ロバは長生きだから

 

金井さん打ち上げ成功おめでとうございます。

 

寒いですね。

すっかり寝具を冬装備にしました。

もうこれ以上はあったかくならんぞ……

 

 

さて今回はソビエトの香り漂うこの本。

 

動物農場

ジョージ・オーウェル

ハヤカワepi文庫

 

オーウェルの本は以前の「一九八四年」から二冊目。

こちらも代表作で、動物農場の方が前(1944年完成)。

原題は「Animal Farm, A Fairy Story」なので、「おとぎ話」。

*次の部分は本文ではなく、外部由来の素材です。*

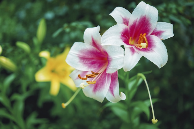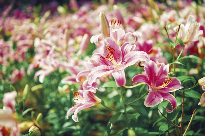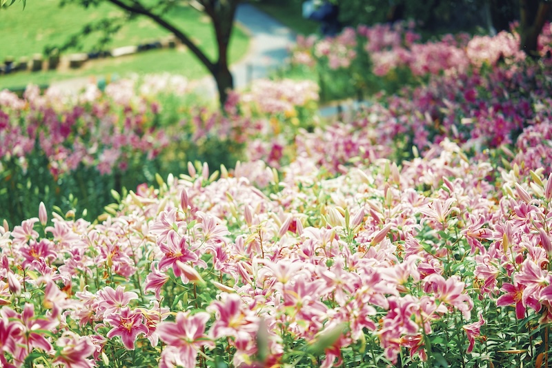 黄色、ピンク色の2種類のユリ(オリエンタルリリー)が一面に咲き誇ります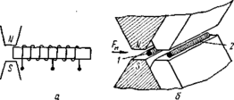 а — с внутренней конвекцией; б — с внешней конвекцией: 1 — термоанемометр, расположенный под магнитными полюсами; 2 — термоанемометр, расположенный под ложными немагнитными наконечниками

邦訳はですます調で書かれた、童話のような語り口になっている。

動物農場」というと動物を栽培でもしてるのかと一瞬ぎょっとするが、

「メイナーの農場(Farm)」を

「動物達の農場」と改めたためにこんな名前になっている。

 

話はこの農場の動物達により進められる。

それぞれ名前があり、会話可能だ。

ただし頭の良さには動物によって差がある。

豚は知的だが、羊はいまいち。

馬はそこそこ。猫はやはりずる賢くちゃっかりしている。

動物ごとの戯画的な特徴づけもあるが、

その中にもさらに個々の性格がある。

そんな世界観。

 

冒頭部、一匹の老いた豚が演説する。

ざっくりと、こんな具合に。

 

「ジョーンズ(農場主)の不当な搾取により我々の生活は労苦に満ちている。

 我々は幸せな生活を知らない。自由を知らない。

 しかし卵もミルクも本来我々の物だ。

 この大地は我々が快適に暮らせるだけのものを生産できる。

 しかし人が居るがために我々はやっと餓死しないだけの生活しかできない。

 惨めな暮らしをし、そして天寿すら全うすることなくナイフによって死ぬのだ。

 これは不当なことだ。全ては人間の圧政のためだ。

 反逆が必要なのだ同志諸君!

 我々の労働による生産物は我々のものであるべきだ!

 自由を勝ち取ろう同志諸君!!」

 

どこのレーニンだよ。

もうこの時点で展開読めるじゃんよ。

ろくな結末が待ってないよこのお話。

 

この後は予想通り、見事にソ連の歴史をトレースしながら話が進む。

 

ひょんなことから革命が成功し「動物農場」を設立。

トロツキーらしき豚とスターリンらしき豚が争い、

暴力によってスターリン独裁体制が築かれ、

個人崇拝が起こり、

豚達は特権階級となり、

恐怖政治が行われ、

そのうちに初心は忘れられて行き、

結局ミイラ取りがミイラに………

 

と箇条書きにしてしまうのは簡単だが、

その過程が外から見ていたらただただ哀れ。

 

内部から見たらわりと最終盤まで決定的な離心は起こらない。

「どうしてこんなことに」「こんなはずでは」

というシーンはちょいちょいあるものの

空腹と労働と

「それでも我々は我々自身で作った動物農園の一員だ」

というプライドのせいでじわじわ変わっていく農園をどうすることもできない。

気づけば豚達は「人間」になってしまう。ああ。

この動物達の無力感が心にのしかかってくる物語だった。

 

とまあ、中身はもう誰が読んでもスターナリズムの批判としか読めないようなものだし、

巻末の序文案を見るにオーウェル自身もそのつもりで書いている。

これを社会主義そのものの批判と読むべきかについては議論が分かれる所みたいだが、

個人的には社会主義批判と見ていいかなと思っている。

ロバのベンジャミンが

「ロバは長生きするんだ」

と繰り返し言うのが、陳腐に言って仕舞えば

「歴史は繰り返す」とか「誰がトップに立とうが結局おんなじ」

辺りを意味しているように聞こえるので。

 

ただ前述通り完成が1944年で

つまりまだWW2すら終わってない時代に書き上げられたものなので、

最終的にソ連が崩壊したように

農場が崩壊する所までは話が至らない。

あえて続きをこのストーリーで展開するならどのようになるか。

冷戦期をどのように書くか。

この頃はソ連が少なくとも対外的には輝いていた時代になるわけだが。

そんなことを考えるのに挑戦するのも楽しい。

 

 

またこの本、出版までに相当もめており、

その過程は巻末の文章に詳しい。

ここだけでもかなり読む価値がある。

当時は英国とロシアは同一陣営なので

おおっぴらなスターリン批判は憚られる状態であったよう。

時代を問わず世の東西を問わず

言論界ってのは同じ悩みを抱えているのだなあ…ということがよくわかる。

 

さして長くないお話なので、

時間がちょっとできたという方はぜひ。